Final answer:
The correct equation of the parabola with the given x-intercept, y-intercept, and vertex is Option A: y = (x - 4)^2 - 3. The value of 'a' is found by substituting the x-intercept into the vertex form of the equation, yielding a positive coefficient and an upward-facing parabola.
Step-by-step explanation:
The equation of a parabola with a vertex at (4, -3) and the symmetry axis being vertical can be written in the form y = a(x - h)^2 + k, where (h, k) is the vertex of the parabola. Since the vertex is given as (4, -3), we substitute h and k to get the equation y = a(x - 4)^2 - 3. Now, given that one x-intercept is at (8, 0), we can plug these values into our equation to find the value of a.
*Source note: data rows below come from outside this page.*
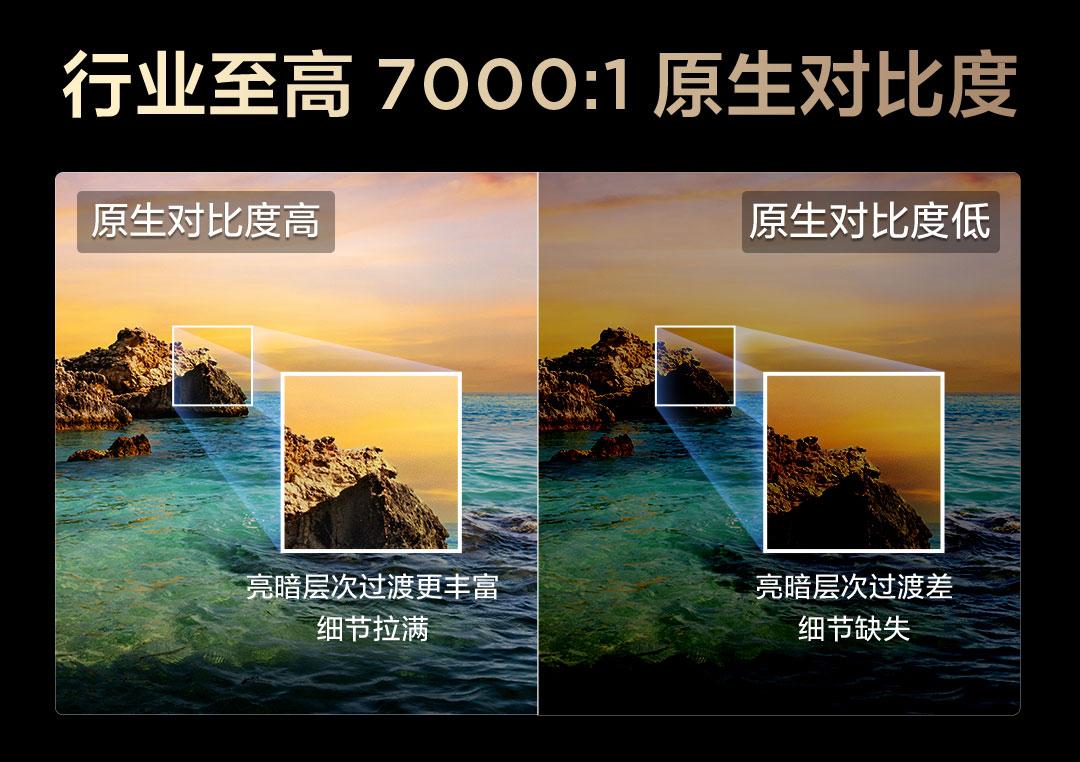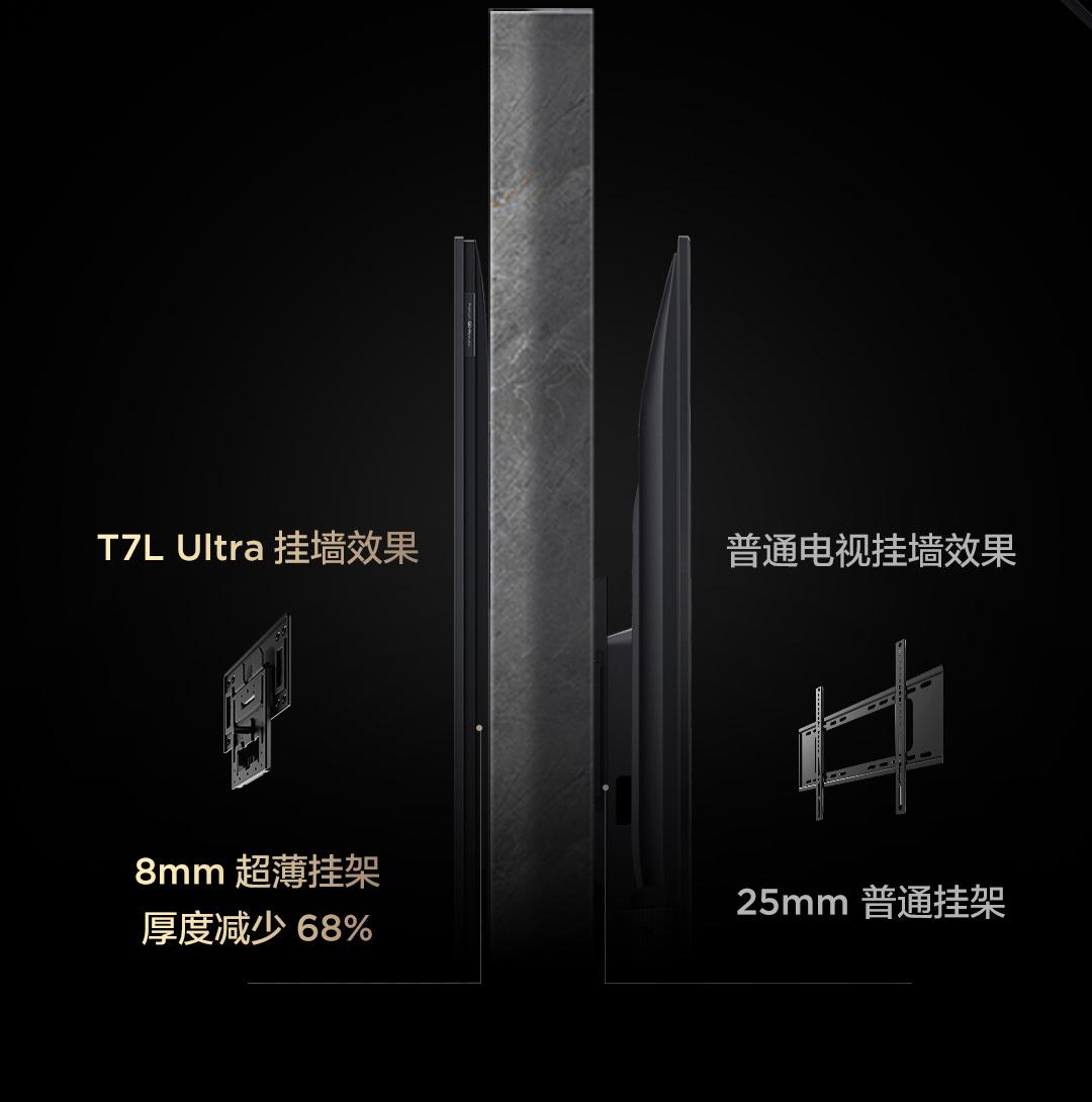 屏幕是决定电视画面对比度与观影体验的核心。TCL精准把握这一关键,为 T7L Ultra配备了华星高阶HVA屏——蝶翼星曜屏。其对比度高达7000:1,是普通IPS屏(1200:1)的5倍以上。这意味着在观看暗场场景丰富的科幻电影时,屏幕能呈现如墨般深邃的黑色,画面边缘锐利,细微细节得以精准还原。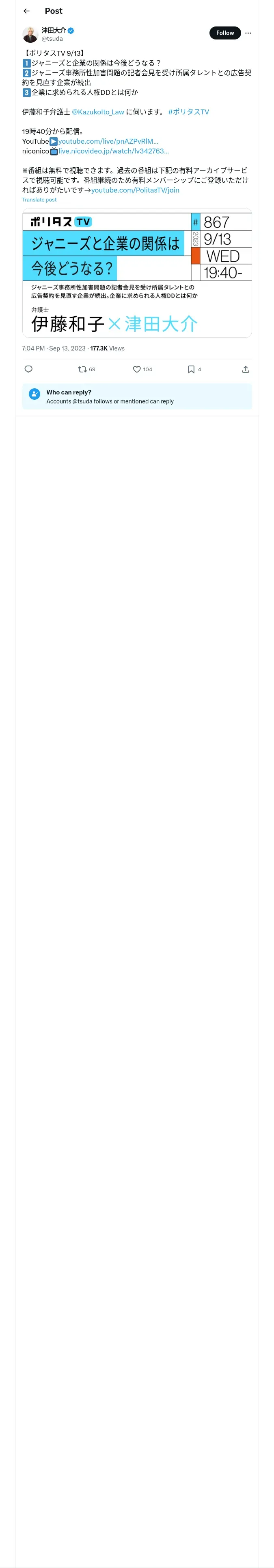 https://x.com:443/tsuda/status/1701899597734638047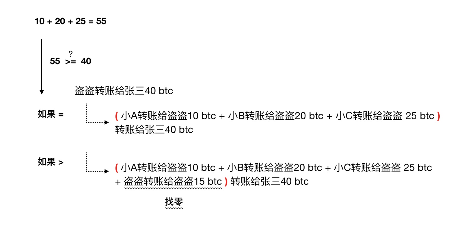 就上图例子来说,我们最后合并成的交易记录 “( 小A转账给盗盗10 btc + 小B转账给盗盗20 btc + 小C转账给盗盗 25 btc + 盗盗转账给盗盗15 btc ) 转账给张三40 btc ” 事实上等同于“盗盗转账给张三40 btc”。其中“盗盗转账给盗盗15 btc”就可以理解找零。

We get:
0 = a(8 - 4)^2 - 3
0 = 16a - 3
16a = 3
a = 3/16
Because the coefficient a is positive, the parabola opens upwards, and since it includes the y-intercept (0,0), the equation could not have a negative coefficient before the squared term, as it would not cross the y-axis there.
Thus, the correct equation of the parabola is Option A: y = (x - 4)^2 - 3, which can be written as y = (3/16)(x - 4)^2 - 3 when the value of 'a' is included.